Import dataset from web and specify folder
setwd("C:\\Users\\26291\\Documents\\Data606_lab1")
source("http://www.openintro.org/stat/data/cdc.R")
Attributes Names
names(cdc)
## [1] "genhlth"  "exerany"  "hlthplan" "smoke100" "height"   "weight"  
## [7] "wtdesire" "age"      "gender"

1. Make a scatterplot of weight versus desired weight. Describe the relationship between these two variables.

(Answer) The general slope of the plot is positive which means as a person’s weight increases so does their desired weight.
plot(cdc$weight ~ cdc$wtdesire)

2. Let’s consider a new variable: the difference between desired weight (wtdesire) and current weight (weight). Create this new variable by subtracting the two columns in the data frame and assigning them to a new object called wdiff.

wdif <- (cdc$wtdesire - cdc$weight)

3. What type of data is wdiff? If an observation wdiff is 0, what does this mean about the person’s weight and desired weight. What if wdiff is positive or negative?

(Answer) wdiff is numerical and discrete. If an observation is 0, then the respondent is satisfied with their current weight

If wdiff is negative, than they want to lose weight, if it is positive, they want to gain weight.

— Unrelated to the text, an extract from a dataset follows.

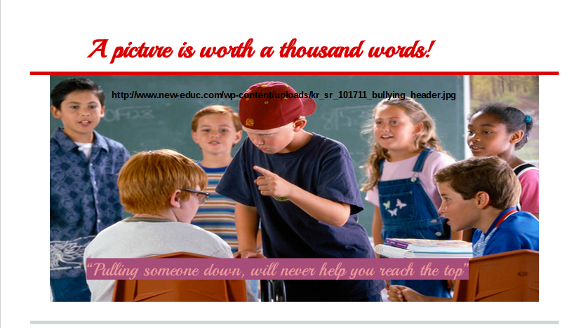 Why do people Cyberbully? People Cyber bullying for the same seasons as any other type of bullying. “Putting someone down, will never help you reach the top”. I chose this quote because Some people become bullies because they were bullied before and so they think is a way of solving what they went through, or because they see it as way of getting popular. There are many ways of stopping cyber bullying such as talking to your parents, consulting someone you trust. like your best friend, your teacher, your school counselor, your sister… or deleting your account. My advice for cyberbullying is facing the bullie, standing up for yourself and showing them that you're not someone that he/she should be picking on.
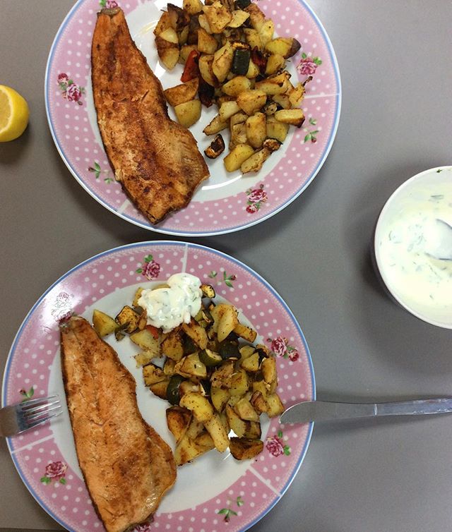 One of our "student quick & easy meals". Trout with spiced baked potatoes, courguettes, pepper + coriander garlic sourcream dip 👆👌. #trout #dip #coriander #potatoes #veg #baked #garlic #spiced #fish #studentlife #studentmeals #dinner #prkýnko

4. Describe the distribution of wdiff in terms of its center, shape, and spread, including any plots you use. What does this tell us about how people feel about their current weight?

(Answer)
boxplot(wdif)

hist(wdif, breaks = 40)

plot(wdif)

summary(wdif)
##    Min. 1st Qu.  Median    Mean 3rd Qu.    Max. 
## -300.00  -21.00  -10.00  -14.59    0.00  500.00
Wdiff median = -10, mean = -14.59, so it’s typical for people to want to lose around 10 to 15 pounds

The Wdiff histogram is unimodal with a slight left skew, so there are some people who want to lose a lot of weight, and few people who want to gain weight

The iqr spread is between 0 and -21 pounds, although there are many outliers, mostly of people who want to lose weight

5. Using numerical summaries and a side-by-side box plot, determine if men tend to view their weight differently than women.

difwdif <- data.frame(wdif, cdc$gender)
summary(subset(difwdif, cdc.gender == "m"))
##       wdif         cdc.gender
##  Min.   :-300.00   m:9569    
##  1st Qu.: -20.00   f:   0    
##  Median :  -5.00             
##  Mean   : -10.71             
##  3rd Qu.:   0.00             
##  Max.   : 500.00
summary(subset(difwdif, cdc.gender == "f"))
##       wdif         cdc.gender
##  Min.   :-300.00   m:    0   
##  1st Qu.: -27.00   f:10431   
##  Median : -10.00             
##  Mean   : -18.15             
##  3rd Qu.:   0.00             
##  Max.   :  83.00
boxplot(difwdif$wdif ~ difwdif$cdc.gender)

As per the boxplot output, Women (median = -10) generally appear to want to lose a few more pounds than men (median = -5), and women have a slightly larger range of how much they want to lose/gain (iqr = 27) than men (iqr = 20). Interestingly, more men than women appear to want to gain weight.

6. Now it’s time to get creative. Find the mean and standard deviation of weight and determine what proportion of the weights are within one standard deviation of the mean.

avg_wt <- mean(cdc$weight)
avg_wt 
## [1] 169.683
sd_wt <- sd(cdc$weight)
sd_wt
## [1] 40.08097
weight_within_one_sd <- subset(cdc, weight < (avg_wt + sd_wt) & weight > (avg_wt - sd_wt))
dim(weight_within_one_sd)
## [1] 14152     9
dim(weight_within_one_sd)[1]/dim(cdc)[1]
## [1] 0.7076
Since there are 14152 observations in the required subset, out of a total of 20000 observations, this represents a

proportion of 14152/20000 = 0.7076, or about 71%. Thus 71% of weights are within 1 standard deviation of the mean.